PROBLEM – Everything from the line containing "Для загрузки видео" through the final line below must be output exactly, both ends included, with nothing else and no pictures.

SUPPLIED INFORMATION –
Content starts
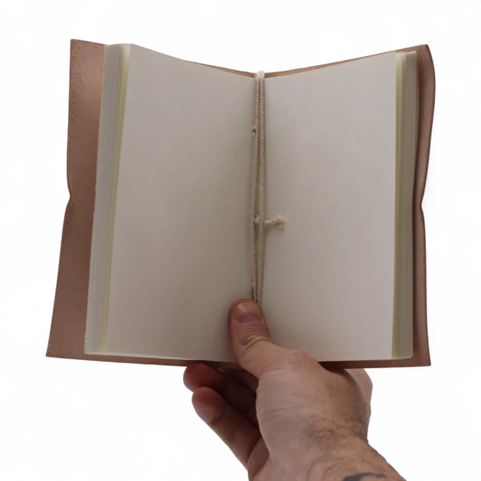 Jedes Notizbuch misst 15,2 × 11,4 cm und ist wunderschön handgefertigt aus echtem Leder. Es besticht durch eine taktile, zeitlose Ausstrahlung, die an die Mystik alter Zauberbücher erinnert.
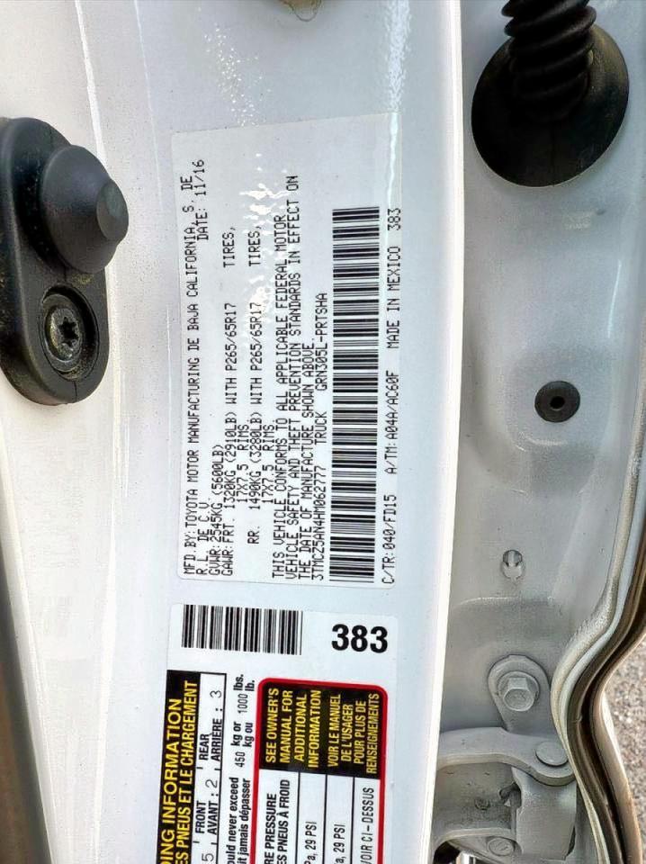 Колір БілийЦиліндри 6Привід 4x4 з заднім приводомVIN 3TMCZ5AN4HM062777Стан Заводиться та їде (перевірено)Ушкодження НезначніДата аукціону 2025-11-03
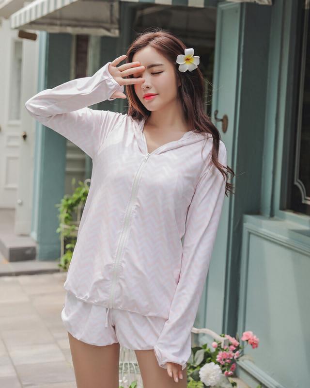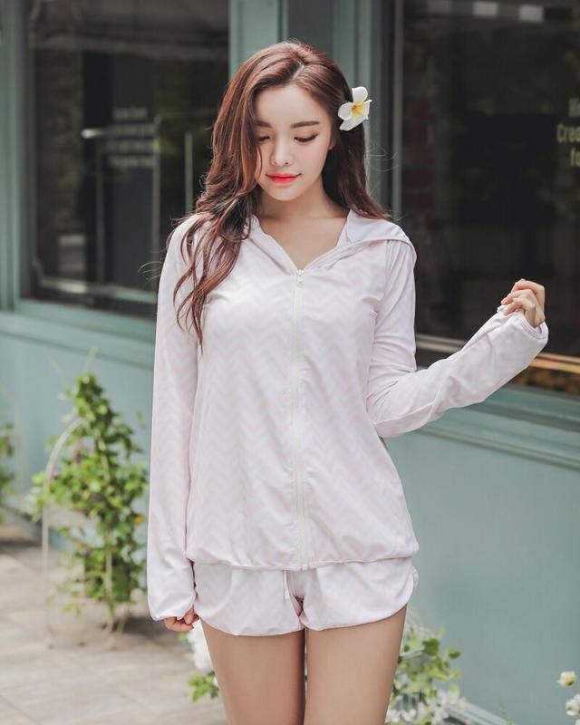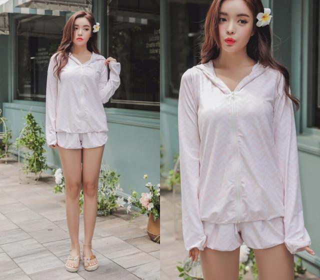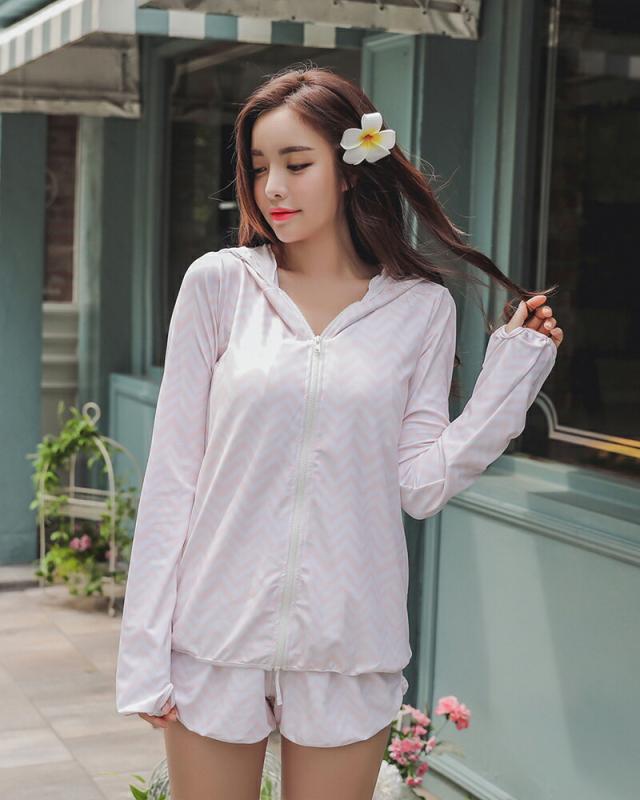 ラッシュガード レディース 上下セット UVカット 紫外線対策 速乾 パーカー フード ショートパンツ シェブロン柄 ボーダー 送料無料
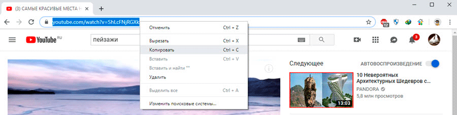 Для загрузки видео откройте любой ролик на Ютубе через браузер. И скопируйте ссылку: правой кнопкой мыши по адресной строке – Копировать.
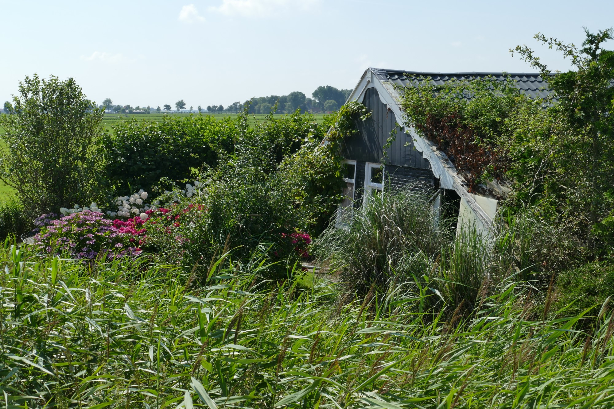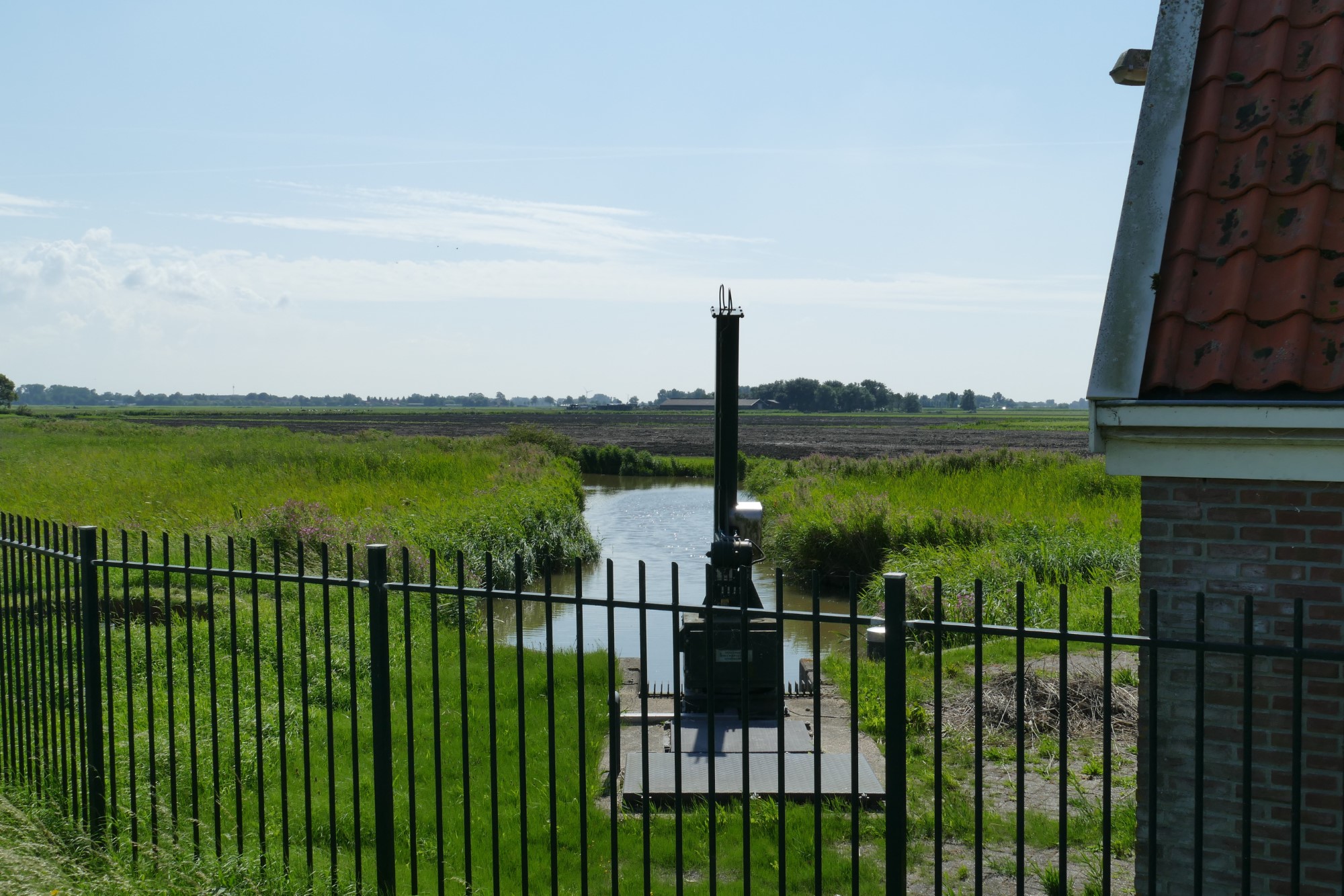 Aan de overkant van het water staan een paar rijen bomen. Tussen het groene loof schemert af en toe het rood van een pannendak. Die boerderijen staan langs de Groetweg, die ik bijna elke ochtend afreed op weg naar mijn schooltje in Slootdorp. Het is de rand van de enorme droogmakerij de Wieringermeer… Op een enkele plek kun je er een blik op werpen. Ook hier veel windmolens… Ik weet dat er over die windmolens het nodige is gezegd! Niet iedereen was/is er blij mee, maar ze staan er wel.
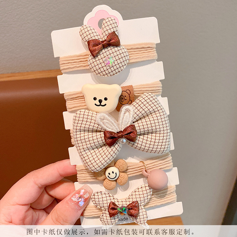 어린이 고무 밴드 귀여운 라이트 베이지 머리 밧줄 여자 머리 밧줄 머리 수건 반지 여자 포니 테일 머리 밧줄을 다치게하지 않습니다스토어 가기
Content ends
OUTPUT FOR THIS EXERCISE –
 Для загрузки видео откройте любой ролик на Ютубе через браузер. И скопируйте ссылку: правой кнопкой мыши по адресной строке – Копировать.
 Aan de overkant van het water staan een paar rijen bomen. Tussen het groene loof schemert af en toe het rood van een pannendak. Die boerderijen staan langs de Groetweg, die ik bijna elke ochtend afreed op weg naar mijn schooltje in Slootdorp. Het is de rand van de enorme droogmakerij de Wieringermeer… Op een enkele plek kun je er een blik op werpen. Ook hier veel windmolens… Ik weet dat er over die windmolens het nodige is gezegd! Niet iedereen was/is er blij mee, maar ze staan er wel.
 어린이 고무 밴드 귀여운 라이트 베이지 머리 밧줄 여자 머리 밧줄 머리 수건 반지 여자 포니 테일 머리 밧줄을 다치게하지 않습니다스토어 가기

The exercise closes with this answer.